Brief:
In the listing below, find the line with "Turn up the" and copy every line from there up to and including the line with "Κατά το χαιρετισμό", exactly and without pictures.

Records supplied:
■ ■ ■ ■ ■
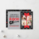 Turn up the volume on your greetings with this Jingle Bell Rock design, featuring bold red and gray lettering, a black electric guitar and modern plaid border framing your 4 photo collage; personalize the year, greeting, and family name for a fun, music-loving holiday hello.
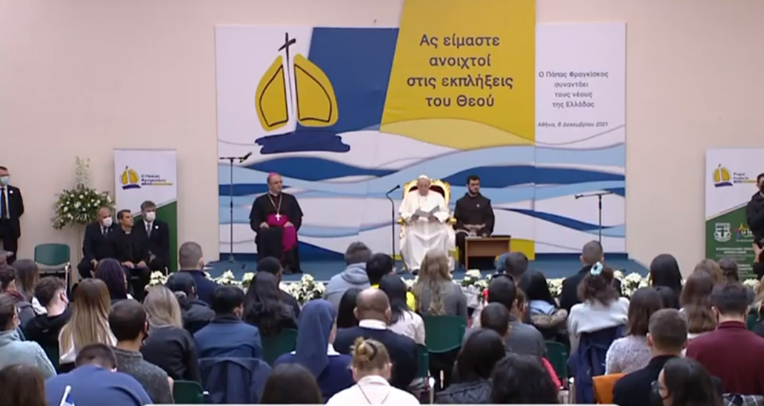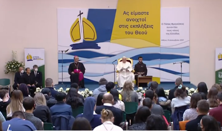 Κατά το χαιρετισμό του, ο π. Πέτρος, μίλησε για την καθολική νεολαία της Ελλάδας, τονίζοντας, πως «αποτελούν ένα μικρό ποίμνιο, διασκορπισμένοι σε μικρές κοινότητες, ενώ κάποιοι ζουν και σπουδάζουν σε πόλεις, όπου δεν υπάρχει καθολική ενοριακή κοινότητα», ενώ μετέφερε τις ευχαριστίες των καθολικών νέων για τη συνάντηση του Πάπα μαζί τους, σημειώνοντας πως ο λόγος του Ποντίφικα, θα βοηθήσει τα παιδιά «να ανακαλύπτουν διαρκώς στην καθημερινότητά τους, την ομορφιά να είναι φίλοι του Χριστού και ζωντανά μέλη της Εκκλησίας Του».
■ ■ ■ ■ ■
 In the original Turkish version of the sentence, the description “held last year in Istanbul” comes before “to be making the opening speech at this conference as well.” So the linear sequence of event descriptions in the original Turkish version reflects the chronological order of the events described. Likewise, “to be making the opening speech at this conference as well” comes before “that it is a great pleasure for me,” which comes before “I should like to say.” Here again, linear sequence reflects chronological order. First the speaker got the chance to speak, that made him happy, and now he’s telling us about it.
■ ■ ■ ■ ■
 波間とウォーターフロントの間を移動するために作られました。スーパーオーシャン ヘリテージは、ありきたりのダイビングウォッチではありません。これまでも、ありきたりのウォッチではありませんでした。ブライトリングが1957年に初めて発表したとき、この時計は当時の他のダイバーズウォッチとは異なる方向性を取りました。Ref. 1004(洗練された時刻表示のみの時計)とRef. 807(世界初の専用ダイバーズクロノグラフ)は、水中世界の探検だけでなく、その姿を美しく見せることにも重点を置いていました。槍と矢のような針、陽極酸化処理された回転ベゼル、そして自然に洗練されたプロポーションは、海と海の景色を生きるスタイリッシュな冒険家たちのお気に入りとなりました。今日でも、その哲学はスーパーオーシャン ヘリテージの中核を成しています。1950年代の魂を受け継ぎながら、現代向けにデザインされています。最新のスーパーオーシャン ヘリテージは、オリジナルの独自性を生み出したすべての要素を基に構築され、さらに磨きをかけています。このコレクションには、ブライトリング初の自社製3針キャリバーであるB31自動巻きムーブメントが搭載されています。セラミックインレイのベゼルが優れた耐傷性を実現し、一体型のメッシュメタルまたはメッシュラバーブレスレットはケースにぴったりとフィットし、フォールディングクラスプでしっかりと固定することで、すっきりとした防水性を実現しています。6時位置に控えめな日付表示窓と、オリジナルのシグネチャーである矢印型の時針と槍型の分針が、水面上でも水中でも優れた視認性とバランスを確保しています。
■ ■ ■ ■ ■
Solution for this problem:
 Turn up the volume on your greetings with this Jingle Bell Rock design, featuring bold red and gray lettering, a black electric guitar and modern plaid border framing your 4 photo collage; personalize the year, greeting, and family name for a fun, music-loving holiday hello.
 Κατά το χαιρετισμό του, ο π. Πέτρος, μίλησε για την καθολική νεολαία της Ελλάδας, τονίζοντας, πως «αποτελούν ένα μικρό ποίμνιο, διασκορπισμένοι σε μικρές κοινότητες, ενώ κάποιοι ζουν και σπουδάζουν σε πόλεις, όπου δεν υπάρχει καθολική ενοριακή κοινότητα», ενώ μετέφερε τις ευχαριστίες των καθολικών νέων για τη συνάντηση του Πάπα μαζί τους, σημειώνοντας πως ο λόγος του Ποντίφικα, θα βοηθήσει τα παιδιά «να ανακαλύπτουν διαρκώς στην καθημερινότητά τους, την ομορφιά να είναι φίλοι του Χριστού και ζωντανά μέλη της Εκκλησίας Του».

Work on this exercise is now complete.